*TASK OBJECTIVE:* The result should be the listing below, restated exactly, with its pictures left out.
:::
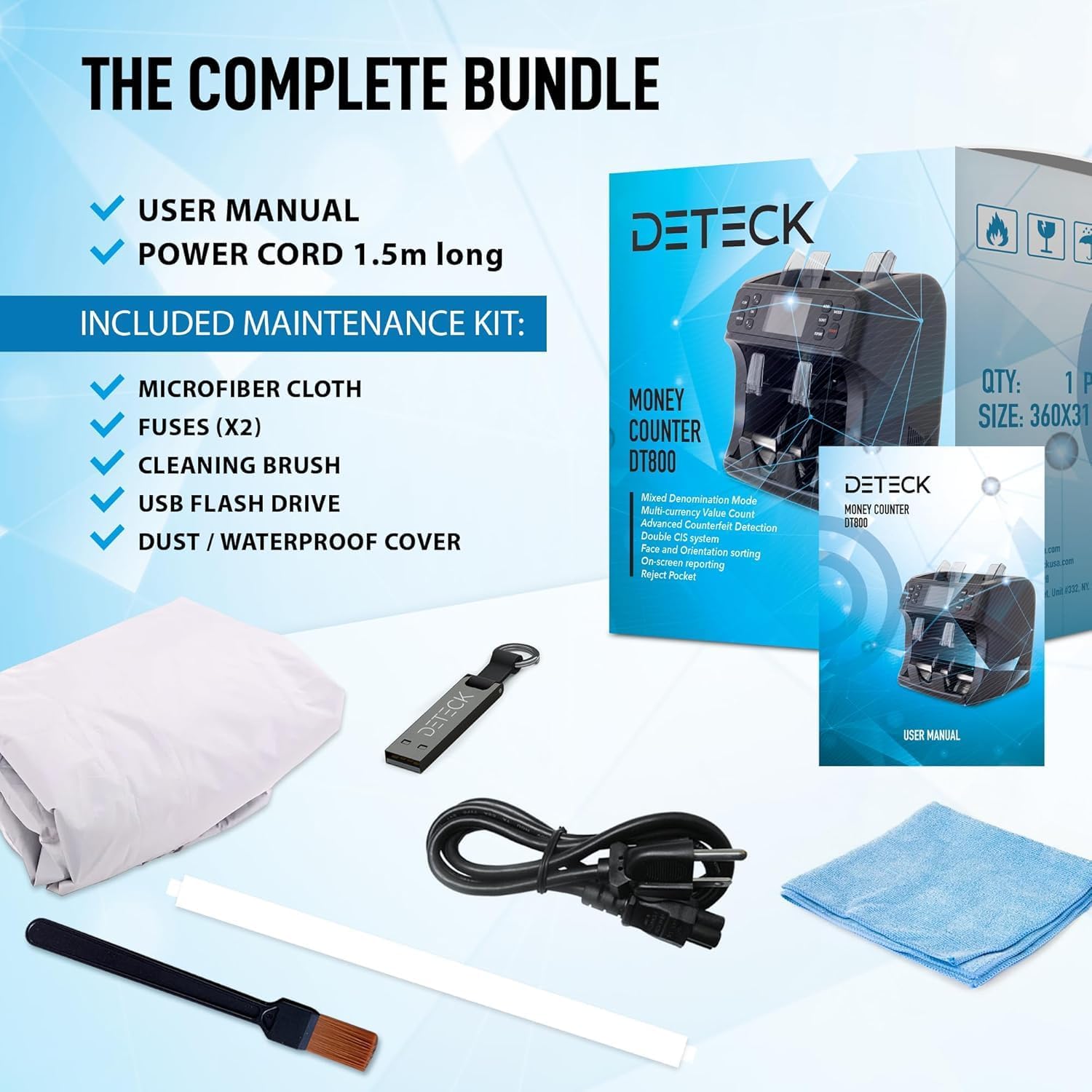 • ๐—ฃ๐—ฟ๐—ผ๐˜๐—ฒ๐—ฐ๐˜ ๐˜†๐—ผ๐˜‚๐—ฟ ๐—ฏ๐˜‚๐˜€๐—ถ๐—ป๐—ฒ๐˜€๐˜€ โ€“ If you deal with a large amount of cash and want to have a peace of mind, the DETECK DT800 Mixed Denomination Money Counter with Counterfeit bill detection accurately scans notes for authenticity, providing maximum security using advanced sensors UV, MG, IR, MT, 2CIS and Serial number recognition; you will never have to worry again about fake bills confiscated by the bank. Operate with confidence
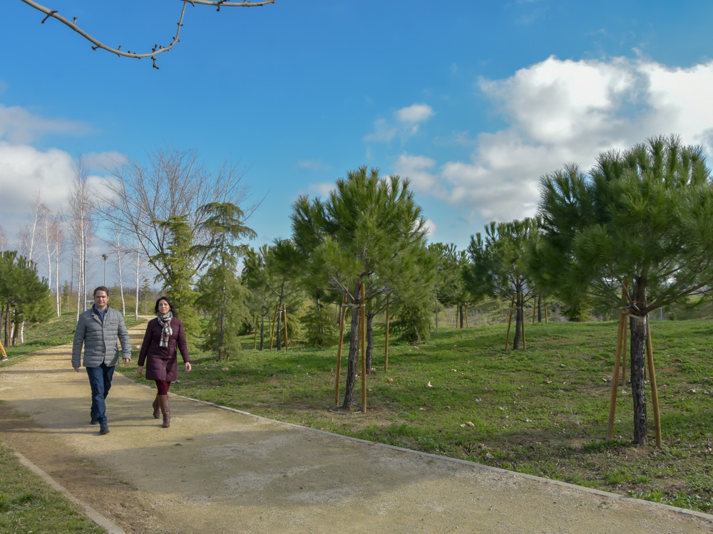 Torrejón de Ardoz, 31 de enero de 2020. “En algunos casos hemos plantado árboles a lo largo de caminos para hacer el paseo más agradable y fresco en verano. En otras zonas más amplias, el objetivo ha sido formar pequeños bosques que, además de su interés paisajístico y medio ambiental, que realicen funciones de pantalla acústica y oxigenación del aire. De ahí la plantación en algunas laderas a lo largo de la Ronda Sur”, indicó el alcalde en la presentación. Así, 10.000 árboles se han plantado en total en el gran Bosque Urbano de Torrejón de Ardoz, situado en Soto Henares a ambos lados de la Ronda Sur e incluyendo el Parque de los Miradores.
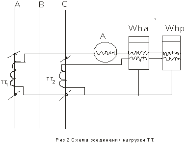 наиболее загруженной фазы при схеме соединения ТТ в неполную звезду. (рис. 2)
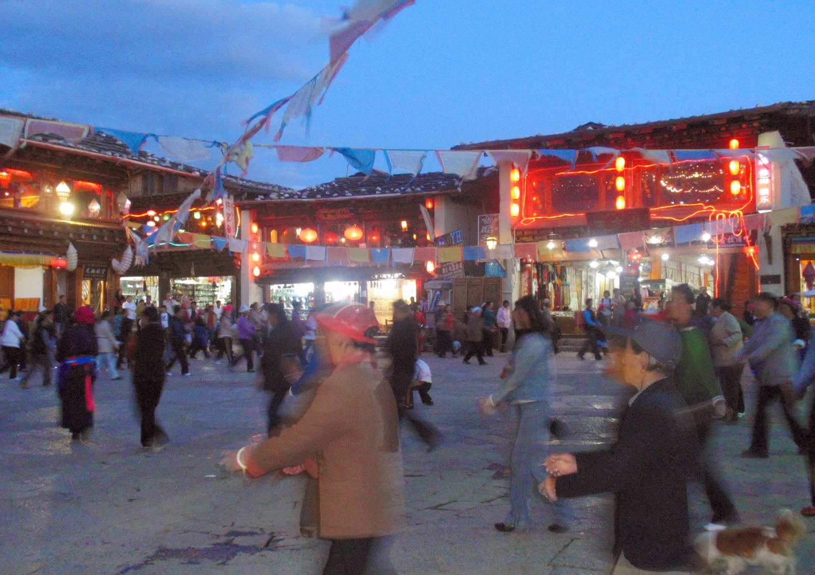 我们在新造的“独克宗古城”住了两夜,很难得地成为“稀客”——稀有的游客。记得数年前初来此地,见到的是文革标语残存的老屋,人来牛往,炊烟袅袅。之后仿丽江四方古城,全变成了客栈商店酒吧饭馆。藏人当房东,外人做老板,游客来游客去,巧舌如簧的导游甭管会不会藏语,女的一律穿拉萨式样的藏装,男的一律穿舞台上的艳俗藏装。所有的店都得备好回扣,店员和导游齐声把浙江义乌生产的各种仿藏式商品说得天花乱坠,让上当的游客掏出高价好分红。一些文艺青年男女从都市跑到这里当“藏漂”[4],过着自我放逐自我陶醉自我夸大自我迷恋的日子。当夜幕降临,独克宗背后山上那无比巨大的金光灿烂的转经筒被炫目的灯光照亮着缓缓右转,缓缓闪现刻在经筒上的坚热斯经咒[5]以及诸佛菩萨本尊空行的形象,也缓缓闪现刻在经筒上的各民族欢歌乐舞的场面,以显示民族大团结的盛世景象。据说全藏地的转经筒独此最大,当然也独此最创新,故(上海)大世界基尼斯[6]榜上有名,而当地藏人透露,在给初落成的大经筒装藏时,秘密将上万张达赖喇嘛的法像暗藏其中,不知这是否属实。
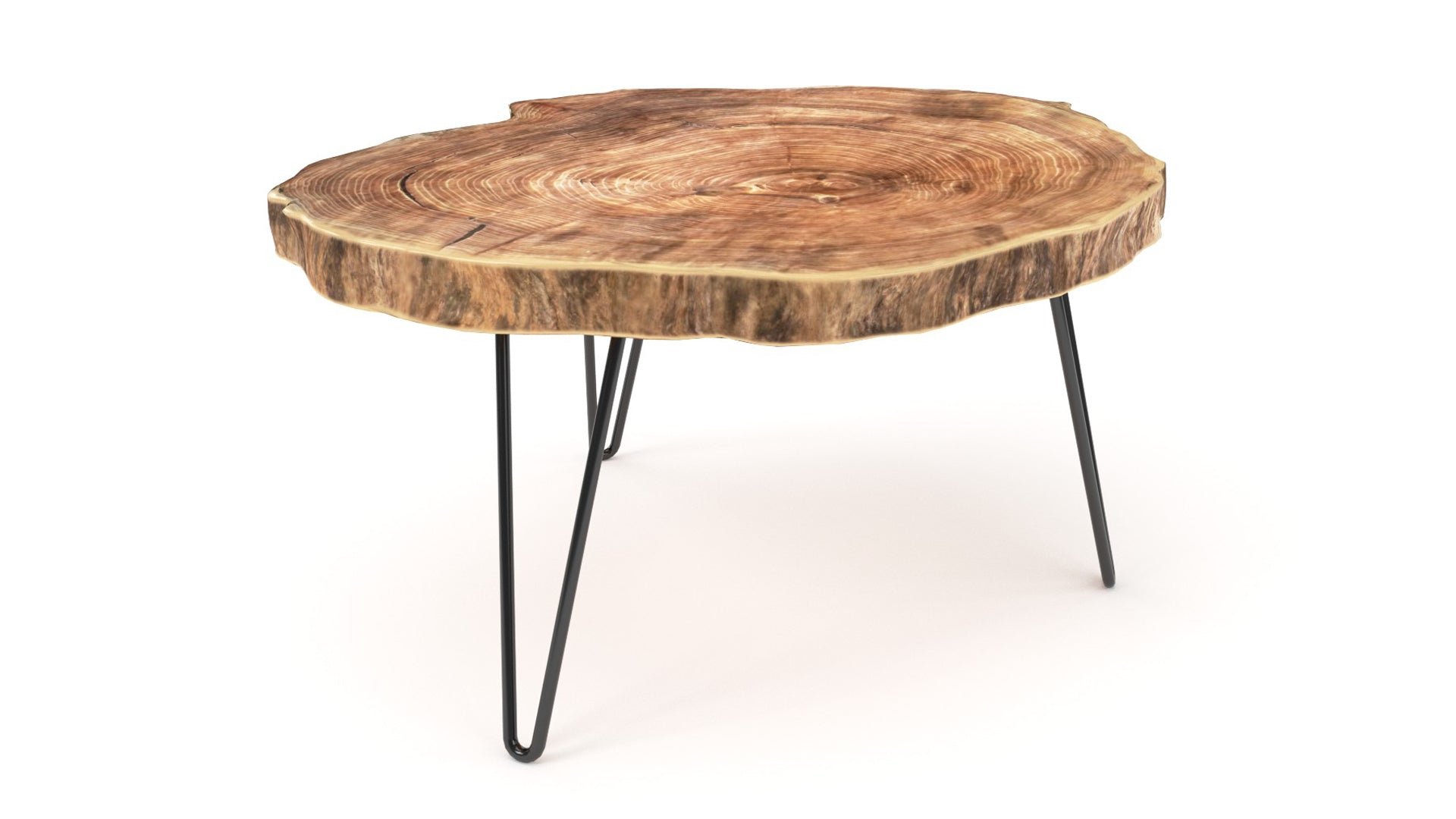 Galeno - Coffee Table With Metal Legs & Raw Wood Top In Distress Finish
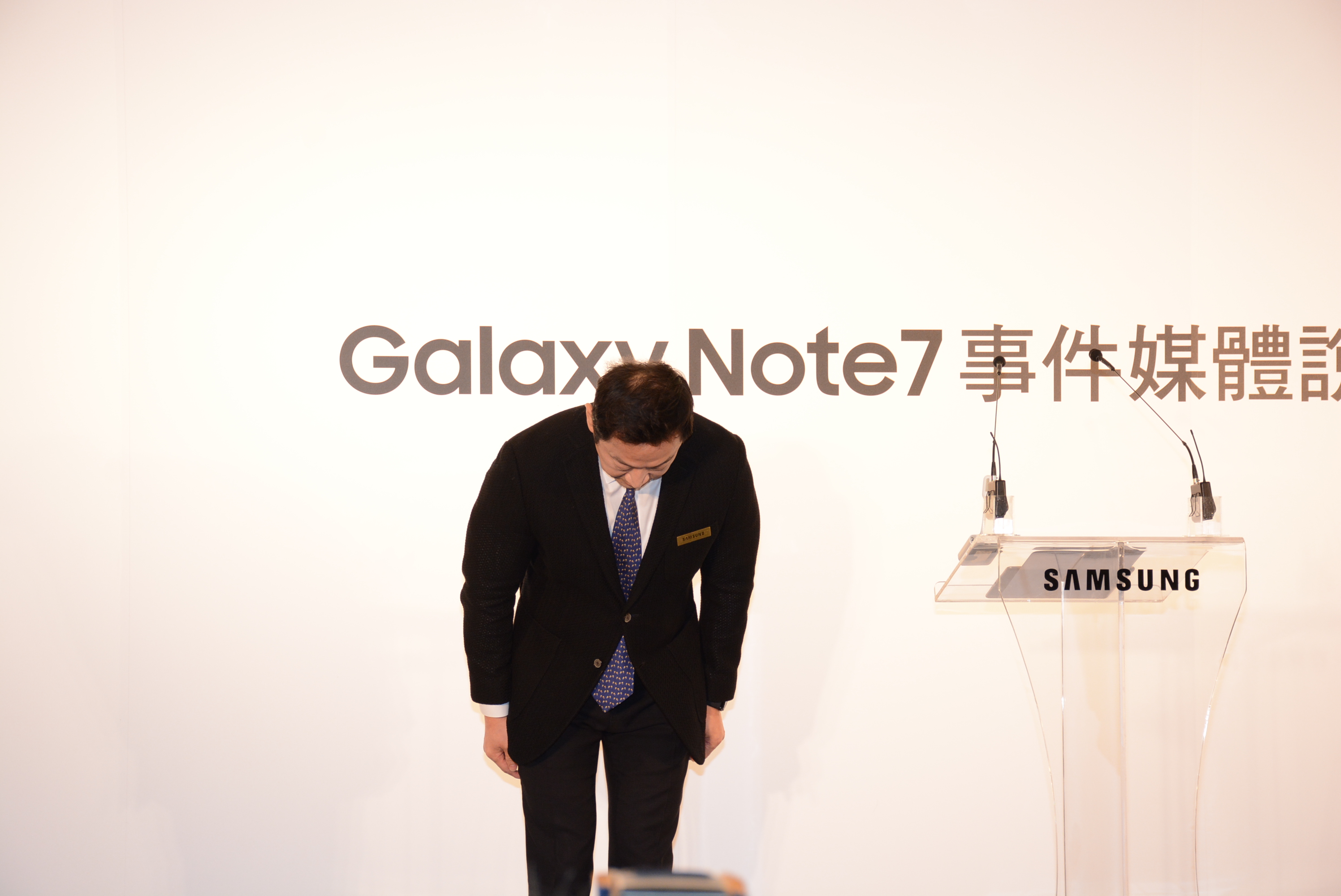 ▲台灣三星電子總經理李載燁為Galaxy Note7 事件造成的消費者恐慌鞠躬致歉。
:::
*EXPECTED OUTPUT:*
 • ๐—ฃ๐—ฟ๐—ผ๐˜๐—ฒ๐—ฐ๐˜ ๐˜†๐—ผ๐˜‚๐—ฟ ๐—ฏ๐˜‚๐˜€๐—ถ๐—ป๐—ฒ๐˜€๐˜€ โ€“ If you deal with a large amount of cash and want to have a peace of mind, the DETECK DT800 Mixed Denomination Money Counter with Counterfeit bill detection accurately scans notes for authenticity, providing maximum security using advanced sensors UV, MG, IR, MT, 2CIS and Serial number recognition; you will never have to worry again about fake bills confiscated by the bank. Operate with confidence
 Torrejón de Ardoz, 31 de enero de 2020. “En algunos casos hemos plantado árboles a lo largo de caminos para hacer el paseo más agradable y fresco en verano. En otras zonas más amplias, el objetivo ha sido formar pequeños bosques que, además de su interés paisajístico y medio ambiental, que realicen funciones de pantalla acústica y oxigenación del aire. De ahí la plantación en algunas laderas a lo largo de la Ronda Sur”, indicó el alcalde en la presentación. Así, 10.000 árboles se han plantado en total en el gran Bosque Urbano de Torrejón de Ardoz, situado en Soto Henares a ambos lados de la Ronda Sur e incluyendo el Parque de los Miradores.
 наиболее загруженной фазы при схеме соединения ТТ в неполную звезду. (рис. 2)
 我们在新造的“独克宗古城”住了两夜,很难得地成为“稀客”——稀有的游客。记得数年前初来此地,见到的是文革标语残存的老屋,人来牛往,炊烟袅袅。之后仿丽江四方古城,全变成了客栈商店酒吧饭馆。藏人当房东,外人做老板,游客来游客去,巧舌如簧的导游甭管会不会藏语,女的一律穿拉萨式样的藏装,男的一律穿舞台上的艳俗藏装。所有的店都得备好回扣,店员和导游齐声把浙江义乌生产的各种仿藏式商品说得天花乱坠,让上当的游客掏出高价好分红。一些文艺青年男女从都市跑到这里当“藏漂”[4],过着自我放逐自我陶醉自我夸大自我迷恋的日子。当夜幕降临,独克宗背后山上那无比巨大的金光灿烂的转经筒被炫目的灯光照亮着缓缓右转,缓缓闪现刻在经筒上的坚热斯经咒[5]以及诸佛菩萨本尊空行的形象,也缓缓闪现刻在经筒上的各民族欢歌乐舞的场面,以显示民族大团结的盛世景象。据说全藏地的转经筒独此最大,当然也独此最创新,故(上海)大世界基尼斯[6]榜上有名,而当地藏人透露,在给初落成的大经筒装藏时,秘密将上万张达赖喇嘛的法像暗藏其中,不知这是否属实。
 Galeno - Coffee Table With Metal Legs & Raw Wood Top In Distress Finish
 ▲台灣三星電子總經理李載燁為Galaxy Note7 事件造成的消費者恐慌鞠躬致歉。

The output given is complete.